みなさんこんにちは。長徳院住職の永田将人でございます。当院は、中濃地区では引いたら倒れるようなお寺でございまして、そんななかで、この老化が激しいこの田舎の私の頭ではとても法話は務まりませんが、すこし思い出話をさせていただきたいと思います。

昔、ある関東のお寺にお邪魔していましたときに、宗門の高校に通う学生さんが参禅に来ておりました。そのなかの一人とお話しをしておりまして、その子はお寺の息子として生まれて、将来はお寺を継ぐということでした。ただ、小さな頃から夢がありまして、消防士になりたいと。その夢はどうしても叶えたいが、なかなか現実はそうはいかないと言っておりました。消防士を何年かやってからお寺を継げばいいのではないかと言ったのですが、それもなかなか難しいと、かなわないということでした。
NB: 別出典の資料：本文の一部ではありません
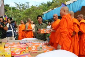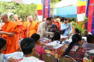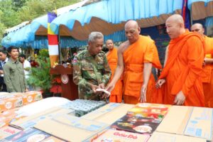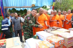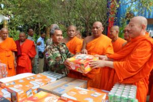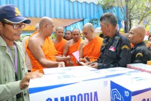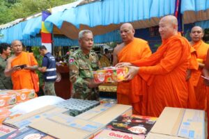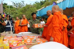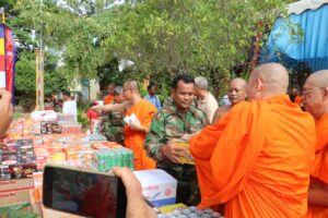 សម្ដេចព្រះសិរីសម្មភិវង្ស ទេព ផាន ព្រះរាជាគណៈត្រី ព្រមទាំងមន្ត្រីសង្ឃ យាង និមន្ត ព្រះទានព្រះអំណាយជូនប្រជាពលរដ្ឋរងគ្រោះភូមិព្រៃចាន់ ភូមិជោគជ័យ ឃុំអូរបីជាន់ ស្រុកអូរជ្រៅ។ ថ្ងៃពុធ១កើត ខែកត្តិក ឆ្នាំម្សាញ់ សប្តស័ក ពុទ្ធសករាជ២៥៦៩ ត្រូវនឹងថ្ងៃទី២២ខែតុលា ឆ្នាំ២០២៥ នៅបរិវេនវត្តពុទ្ធិសីមារាមជោគជ័យ ភូមិជោគជ័យឃុំអូរបីជាន់ ស្រុកអូរជ្រៅ ខេត្តបន្ទាយមានជ័យ។ លោកលី សុវណ្ណារិទ្ធអភិបាលរងខេត្តតំណាងខ្ពង់ខ្ពស់ ឯកឧត្តមអ៊ុំ រាត្រី អភិបាលនៃគណៈអភិបាលខេត្តបន្ទាយមានជ័យអញ្ជើញអមដំណើរ ព្រះសេរីសម្មភិវង្ស ទេព ផាន ព្រះរាជាគណៈថ្នាក់ត្រី សមាជិកថេរសភាព្រះពុទ្ធសាសនានៃព្រះរាជាណាចក្រកម្ពុជា ព្រះបាឡាក់គណរាជធានីភ្នំពេញ ព្រះវិន័យធរគណរាជធានីភ្នំពេញនិងជាព្រះអនុគណខណ្ឌពោធិសែនជ័យយាងនិមន្តចែកអំណោយជូនប្រជាពលរដ្ឋតែរងគ្រោះពីការរំលោភបំពាន ព័ទ្ធលួសបន្លាដាក់កង់ឡានពីរយោធាថៃមានចំនួនពីរភូមិភូមិជោគជ័យ ភូមិព្រៃចាន់១០០០គ្រួសារក្នុង១គ្រួសារ អង្ករ២០គីឡូក្រាម ទឹកសុីអុីវ១យួរ ១ទឹកត្រីមួយយួរ មី១កេស ត្រីខមួយយួរ ថវិការ៣០០០០៛ បីមុីនរៀល។ អត្ថបទមាស ចន្នី រូបភាពលោកលី គង់
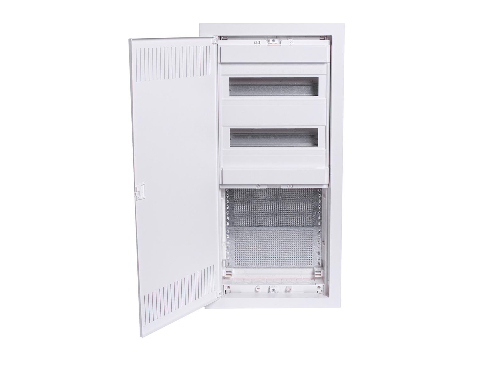 Leveringsomfang: Tavle, metalramme med perforeret dør, montageplade, DIN-rækker, skilleplade (ekskl. stikkontakt) monteringsmateriale og instruktioner
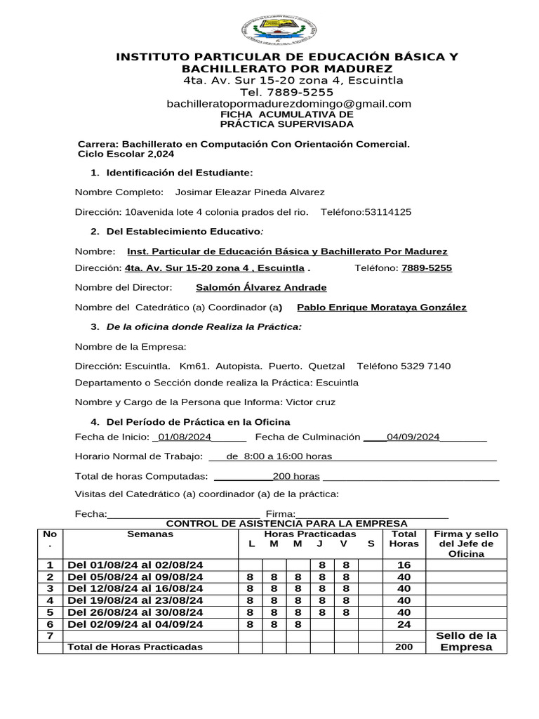 Nombre: Inst. Particular de Educación Básica y Bachillerato Por Madurez
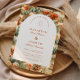 A refined western-inspired design featuring warm desert florals, cacti, and earthy botanicals arranged in a rich, painterly composition. The arched layout adds a timeless architectural feel, balancing the bold surrounding pattern with a clean, elegant center. Terracotta tones, soft neutrals, and muted greens create a grounded yet romantic palette—perfect for a modern desert or western celebration. Ideal for couples who want something unique, artistic, and effortlessly sophisticated.
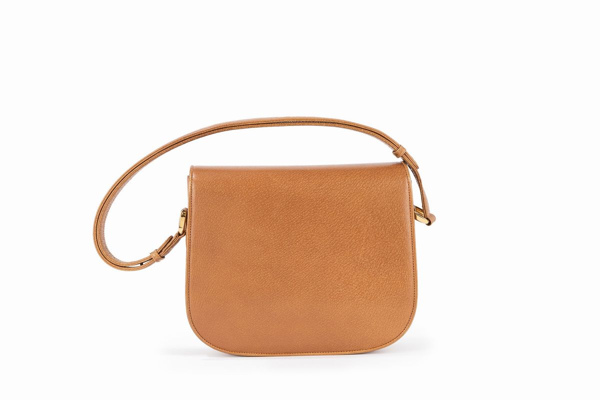Light brown pigskin leather shoulder strap bag, bicolor metal details, cm 23 (slight defects).Starting bid
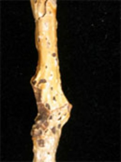 Wenn mehrere benachbarte Läsionen auf einem dickeren Ast zusammenwachsen, kann es auch zur Ringelung und damit zum Absterben von Starkästen kommen. Befallene Jungpflanzen gehen oft schnell zugrunde.
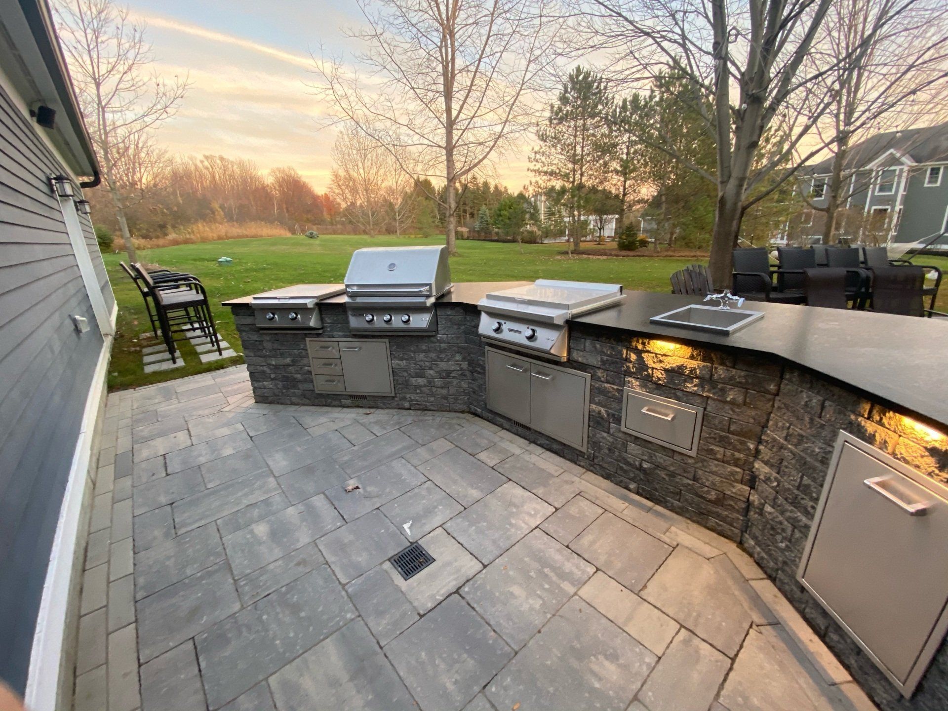 Enjoy the outdoors longer when you create an outdoor space that's both beautiful and functional with Foxscapes Landscaping. Whether it's adding a fire pit, fireplace, outdoor kitchen or more seating our team can help.
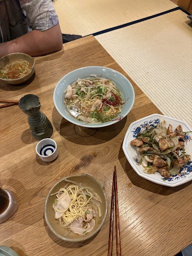 Read more突き出しのポテトサラダとシーザーサラダに自家製のベーコンがのってました🎵香りが良くとても美味しかったです😁 お座敷の席がほとんどで一部堀こたつ風なカウンターになってました。 ドリンクが出てくるのが早くて待機時間が無くて良かったです!! 0歳と2歳の子供連れだったので早い段階でご飯ものを頼んだのですが、他のテーブルもあわせてツマミ系が終わった最後にならないと作れないと言われてしまいました。一応注文はしたのですが、帰るまで1時間くらいありましたが準備もしてなかったのでキャンセルさせていただきました。 〆の料理にありつけるかは混み具合とタイミングのようでした。 旅館からの紹介だったのですが、...
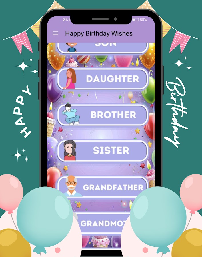 Благодаря удобному интерфейсу Happy Birthday Wishes очень легко найти идеальное поздравление на день рождения. Просто выберите отношения, просмотрите наши тщательно составленные сообщения и отправьте их одним касанием! Это так просто!
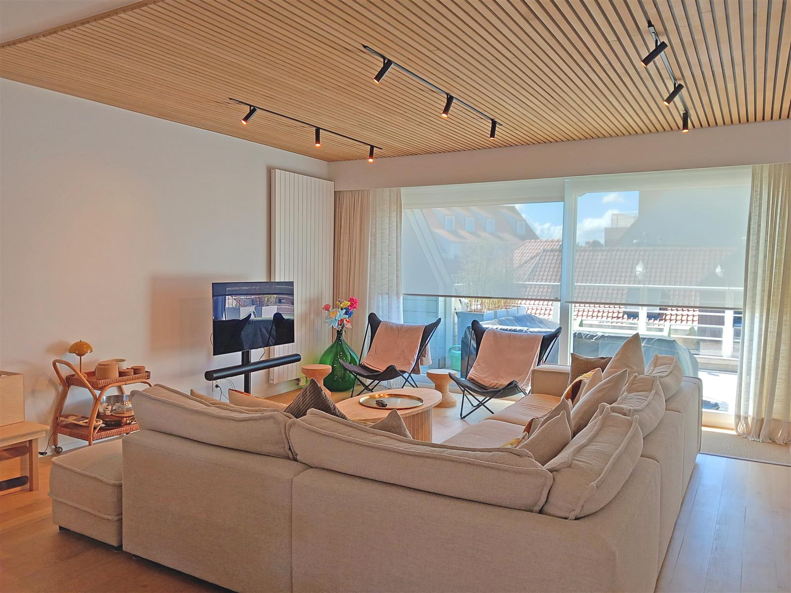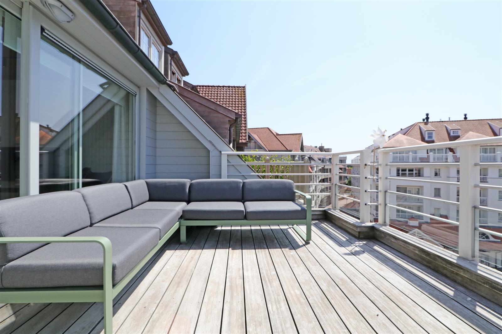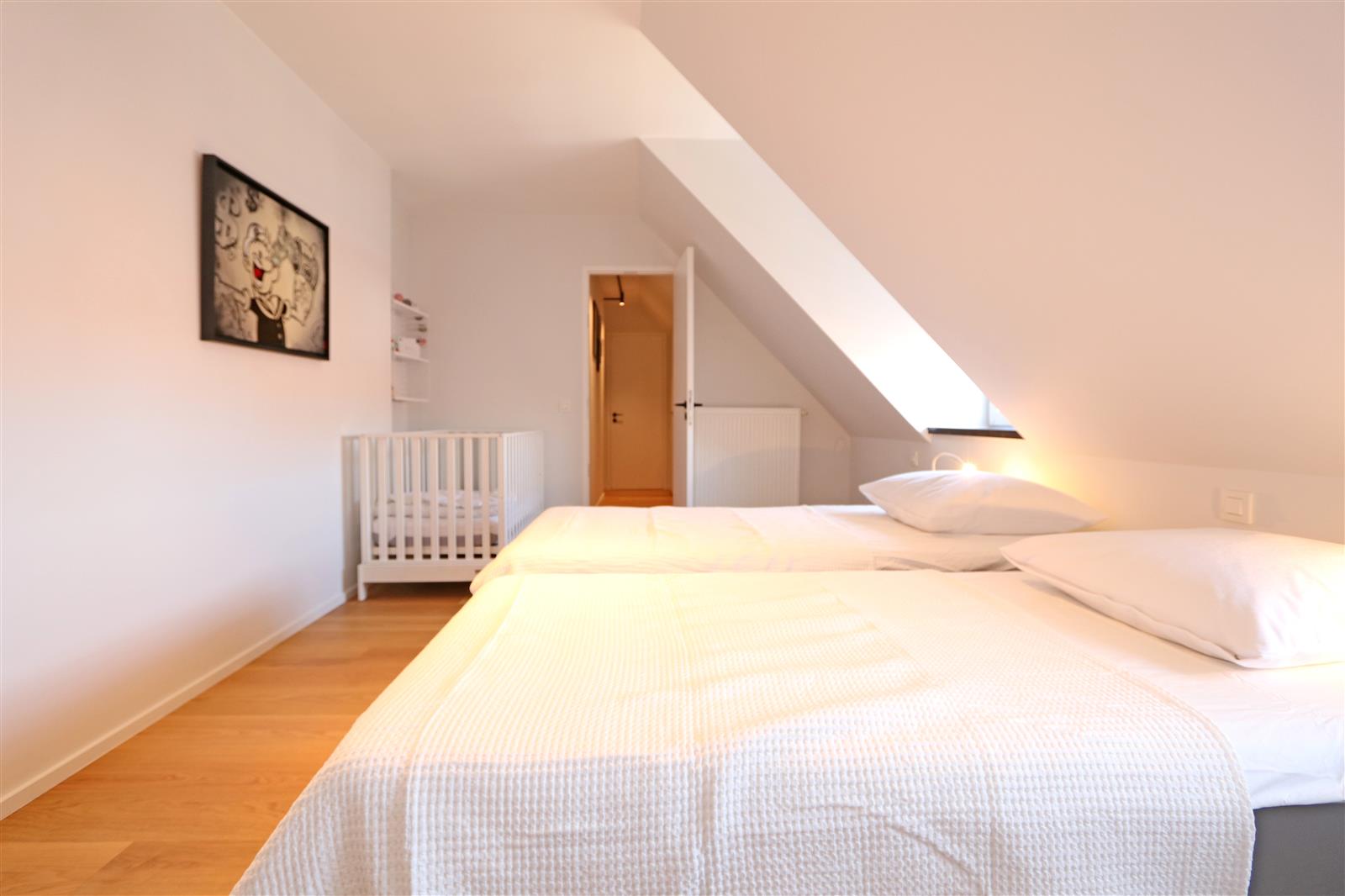 Charmant duplex penthouse, aménagé avec goût et doté d’une cuisine ouverte. Il dispose de vastes terrasses ensoleillées à l’avant et à l’arrière. Au rez-de-chaussée se trouve une première chambre double avec salle de bain privative. À l’étage supérieur, deux autres chambres : une grande chambre double avec salle de bain complète et une chambre d’enfant avec salle de douche attenante. Un garage dans la résidence est inclus.
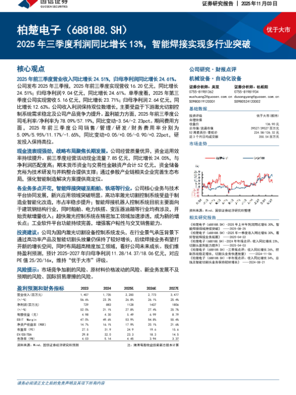 【国信证券】【202511】2025年三季度利润同比增长13%,智能焊接实现多行业突破-6页 证券期货研究报告
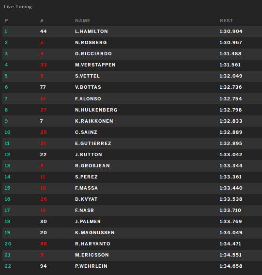 Sementara di posisi tiga ada pebalap Red Bull, Daniel Ricciardo. Melengkapi posisi lima besar ada Max Verstappen dan Sebastian Vettel.
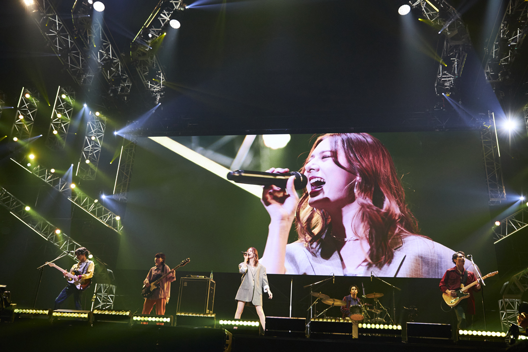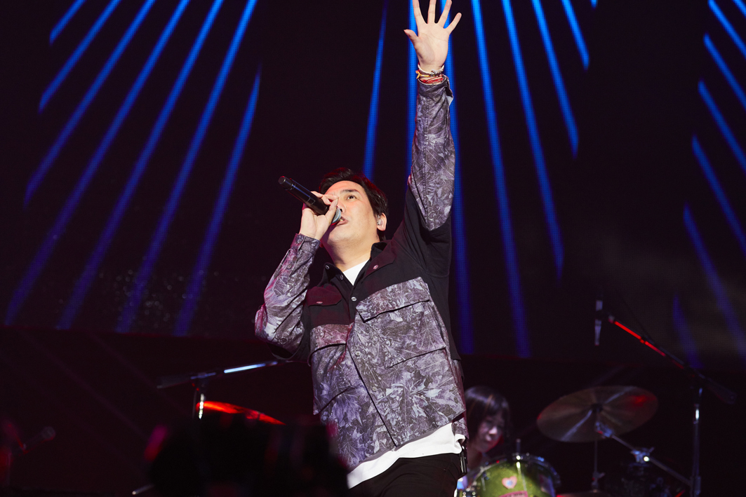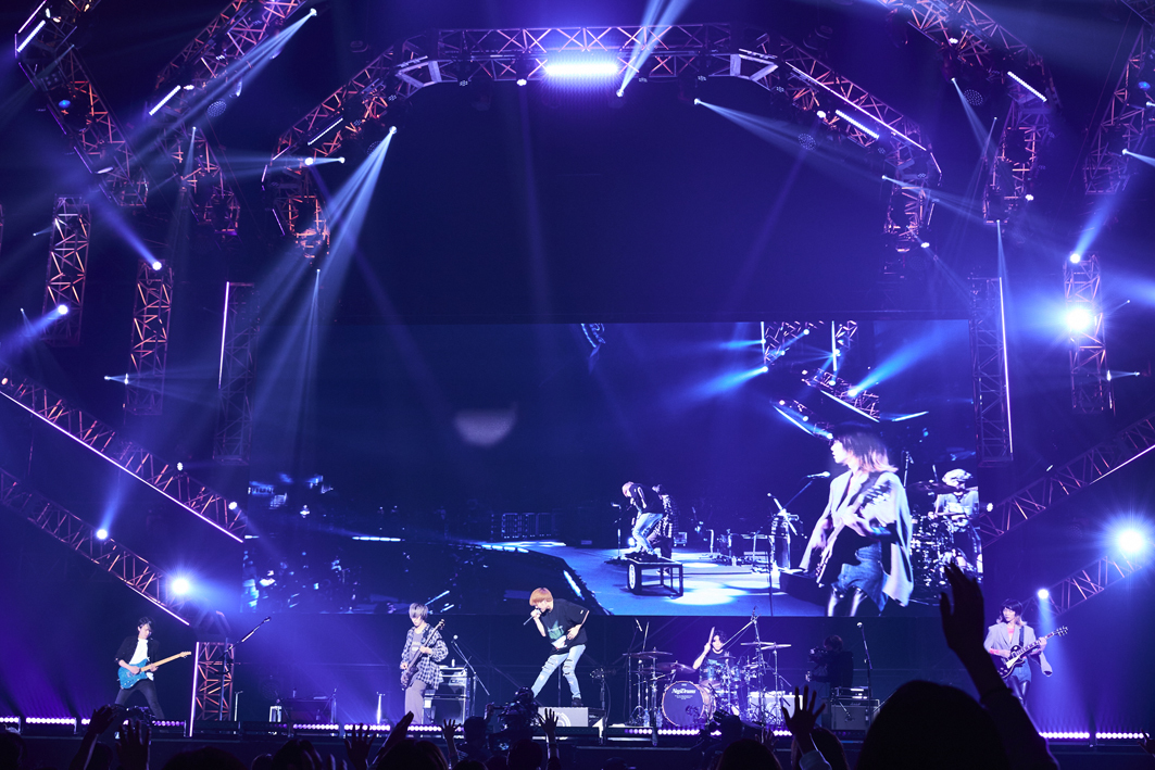 Novelbrightは今年8月にメジャーデビューを果たしたばかりのニューカマー。初めてあがった横浜アリーナのステージにはメンバーも感無量。続いては、アコースティック・ギターの響きと竹中のボイスをじっくり聴かせるバラード「夢花火」を披露。勢いのある曲だけではないバンドのもうひとつの一面を見せる。そしてステージは再びアップチューンに。「もっともっと横浜アリーナをロックしていきます!」の掛け声とともに最新シングルの「Sunny drop」とドライブ感溢れるロックンロール・ナンバー「ランナーズハイ」で会場の温度を急上昇させる。この日は初めて彼らをみるお客さんが多かったが、気がつけばアリーナ後方まで立たせている。歯痒い日々が続いていますが、音楽やりたいし、バンドやりたいしと模索しながらここまで走りきりましたとコロナ禍以降を振り返る。ずっと憧れていたこのステージに立てた事に感謝し「次は俺たちの力で!」と横浜アリーナでの公演を宣言し、最後に「拝啓、親愛なる君へ」を歌う。初めてのお客さんが多いはずなのにサビではみんなが一緒に歌っている。竹中も両腕を大きく掲げてゆっくりと左右に降って、これに応えた。
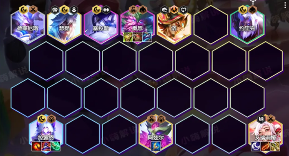 1、阵容组成:诺手、约里克、拉露恩、奥恩、塞拉斯、刀妹、阿兹尔、瑟提、洛/丽桑卓
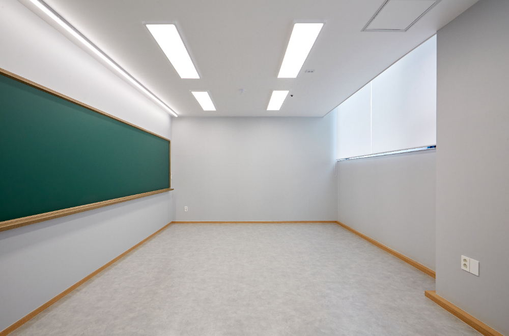 또한, 칠판 상단으로는 긴 바 조명을 설치해
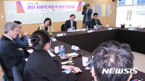 【서울=뉴시스】추상철기자= 이기권 고용노동부장관이 12일 서울 성동구 위치한 사회적기업 성장지원센터인 '소셜캠퍼스 온 서울' 개소식에서 청년 사회적기업가 현장 간담회를 갖고 있다. 2017.04.12. (사진=고용노동부 제공)
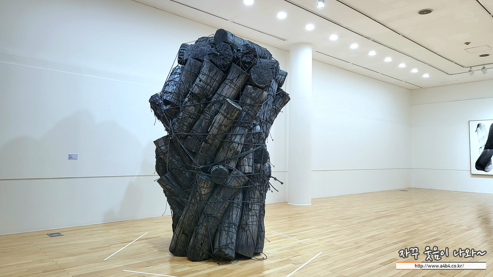 이배 작가의 가장 잘 알려진 작품연작 숯을 이용하여 이러한 입체 조형물 또는 액자형의 평면 작품들이 있는데, 이번에는 거대한 조형물이 전시되어 있습니다. 아쉽게도 이번 소마미술관 개관 20주년 특별전 '드로잉, 삶의 철학을 그리다' 에서 이배 작가의 작품은 많이 만나볼 수 없습니다.
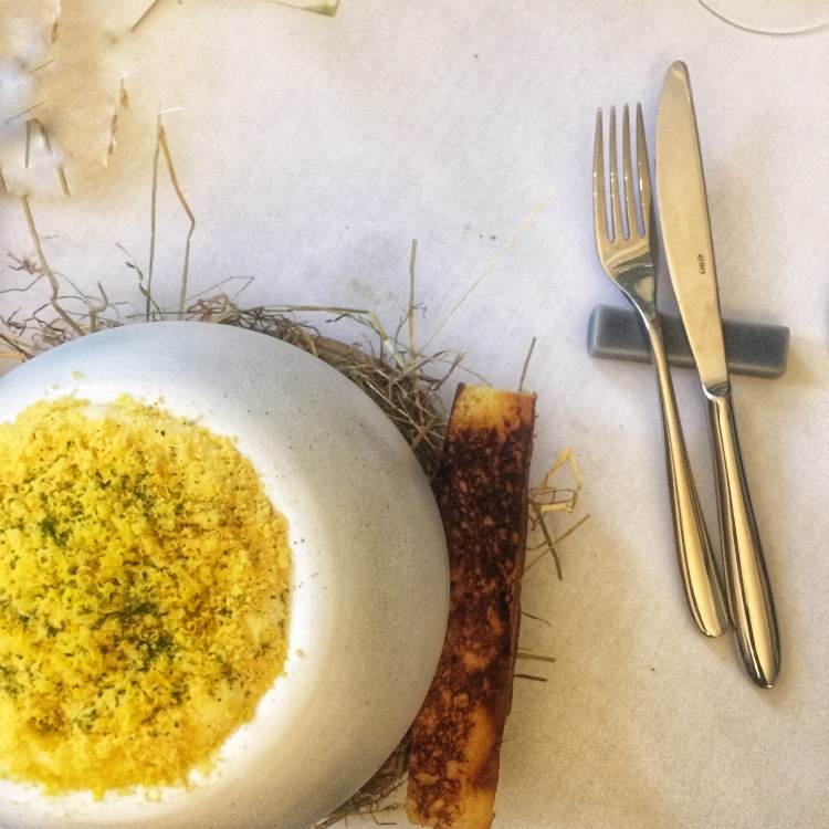 In its dished top is slow confit yolk, topped with English Exmoor Caviar. There’s a hay and potato foam, dried corn, caviar oil, preserved egg yolk and dried greens from the pasture. With it comes an witty oversized brioche ‘soldier’.
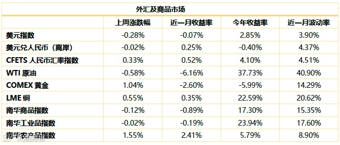 商品市场综述:上周商品市场涨跌分化。南华商品指数下跌0.12%,南华工业品指数下跌0.02%,南华农产品指数上涨1.55%。WTI原油继续下跌0.58%,COMEX黄金上涨1.04 %,LME铜上涨0.55%。
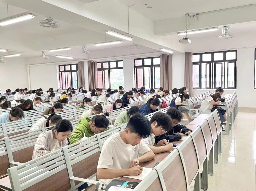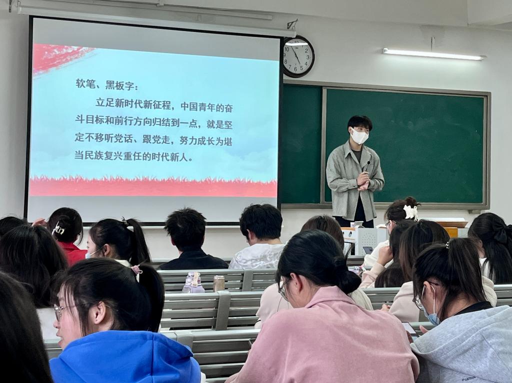 为深入学习贯彻党的二十大精神,增强文化自信,感受中国书法的艺术之美和传统文化的独特魅力,展现当代大学生的文化和技能素养。5月10日下午,世界杯官网举办第一届“笔迹书青春”主题书法比赛,辅导员郭鸿鑫老师主持了开幕仪式,学院共285名同学报名参加,其中硬笔书法在1号教学楼520室和521室开展,软笔书法在1号教学楼514室开展,黑板粉笔字在1号教学楼308、309等19个教室开展。本次比赛以“新时代爱国青年”为主题,设有硬笔、软笔、黑板粉笔三个项目,参赛选手现场在40分钟内完成对一段指定内容的书写。
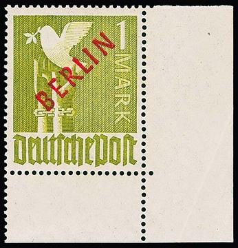 1 DM Rotaufdruck, postfrische ungefaltete rechte untere Bogenecke (Eckbug nur im Bogenrand), sign. Schlegel. Mi. 550,- ++

ただまあ、消防士というのは、火を消す、人の命を救う、そういった使命がございまして、それはもちろん大事なことですが、そこに至るまで、それを予防するのがより大事なのだと思います。だから火の用心とか、いろんな火災予防といった啓発活動をしているのが実際のところでありまして、そういったことで言いますと、たとえ消防士になれなくてお寺さんを継いだとしても、人の心に火事が起こる前に予防として仏道を伝えるという、そういった伝道の活動をするということが大事なのではないかと。人を救うという意味では、お寺も消防士も同じではないかと、私の若い頭でそんな話をした思い出がございます。